Cody is in Mebane and Kosmo is in Pittsboro, you’re more than welcome to come meet either of them if you want to see how well they do. I promise it is not the end of the world, horses are SO much more adaptable than we are! I do think also that one of the reasons they adapt well is they have monocular vision vs binocular like us, so their brain has never had to understand images from both eyes; they function independently. So it’s not as much of a loss as it would be for us I think.

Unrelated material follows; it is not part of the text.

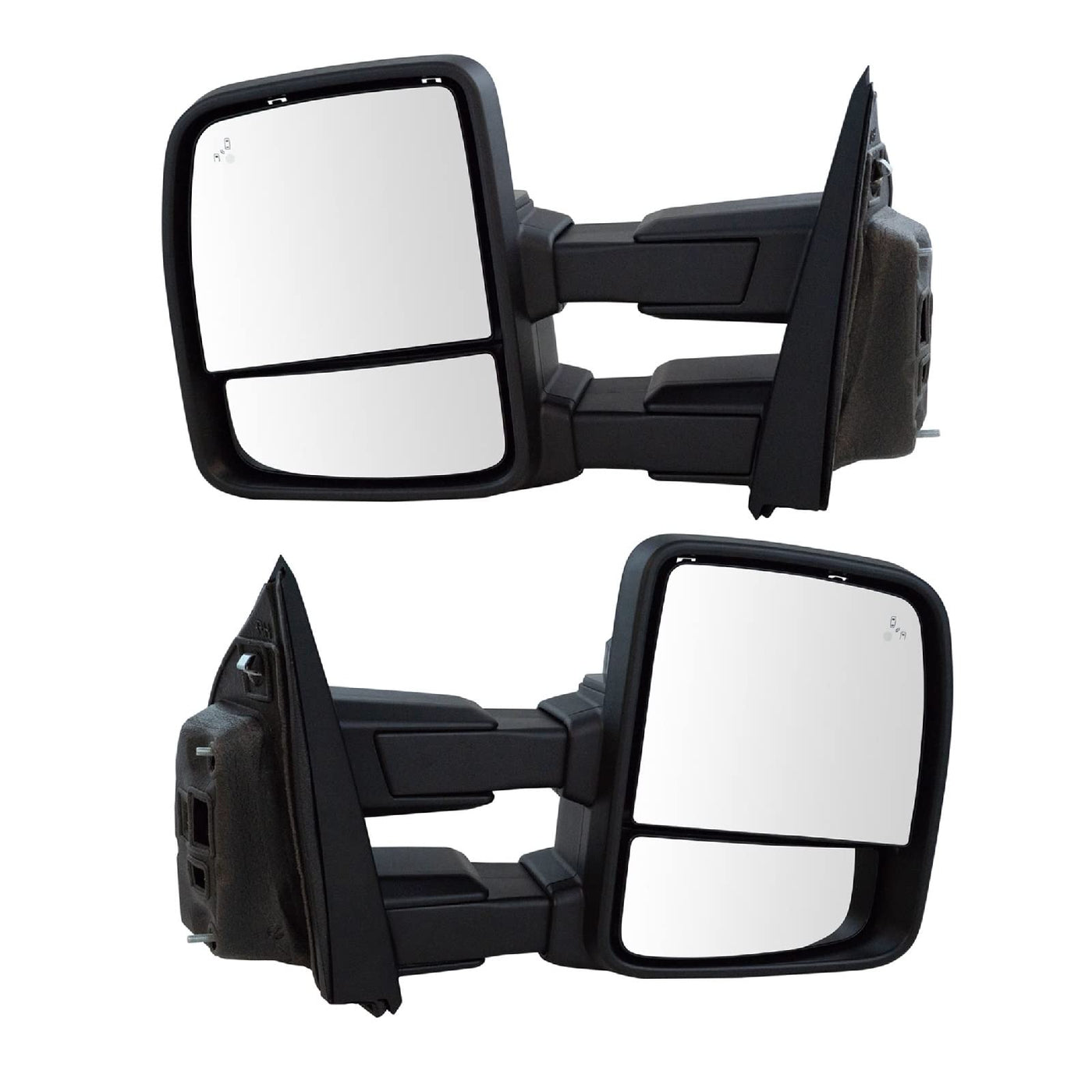 3 Piece Power Textured Black Rounded Mirror Head Towing Mirror SetKit Includes(1) Driver Side Mirror(1) Passenger Side MirrorFitmentCompatible with: 2015-17 Ford F150 Truck without Temperature Sensor in Passenger Side MirrorCompatible with: 2018 Ford F150 Truck without Temperature Sensor in Passenger Side Mirror To 2/25/18 Production DateProduct AttributesCover Color: BlackHousing Turn Signal Indicator Lens Color: ClearAdjustment Type: ElectricFold Away Mechanism: ManualExtendable Mechanism: ManualAspherical Glass: NoMirror Turn Signal Indicator: NoMaterial: PlasticCover Finish: TexturedMounting Hardware Included: YesIntegrated Puddle Light: YesHousing Turn Signal Indicator: YesHeated: YesBlind Spot Indicator: YesQuantity: 3 PieceTowing Mirrors Features & Benefits: Features and Benefits SetIncluded Accessory: Includes wiring installation kit for models without pre-wired pins for spotlight, marker light, and puddle lightTemperature Sensor Included: NoManual Remote Control: NoMirror Head Style: Rounded Mirror HeadMirror Color / Finish: Textured BlackMirror Type: TowingReference NumbersFord: FL3Z17682EA, FL3Z17682EB, FL3Z17682EC, FL3Z17682FA, FL3Z17682FB, FL3Z17682FC, FL3Z17683EA, FL3Z17683EB, FL3Z17683FA, FL3Z17683FB, FL3Z17683FC, FL3Z17683FDPartslink Numbering System: FO1320525, FO1320526, FO1321525, FO1321526

@Pookah Thank you so much for sharing your story! I know if we lose the eye it will be ok in the end and I will be mindful of how I and others handle him post surgery. There is a chance (albeit, slight) that he keeps the eye. I do often forget they are monocular and not binocular. I do remember when he first injured the eye a year ago we had him in a full blinder cup so he could only see the white cup, he was totally fine. We only had one incident and it was comical to boot. I was hand grazing him and on the left side (affected side), he knew I was there but maybe not sure how close I was. He suddenly swing his head up and around knocking me in the stomach, we both grunted then I laughed, he just nuzzled me. After that I made sure to keep a hand near his face or neck and didn’t stand as close. We often forget they have no concept of normalcy like humans, so while yes he may lose an eye he doesn’t know that this is abnormal.

Again thank you for giving me such great perspective on the situation. I also now have a rough idea of how long I can expect him to stay at the school should they operate.

I don’t have a one-eyed horse but I just met one at a local fair. She lost her eye four months ago. The vet did a fantastic job and the horse showed at the fair in a walk-trot-canter class and did great. She seems not bothered at all by the loss of the eye. I hope your horse does as well!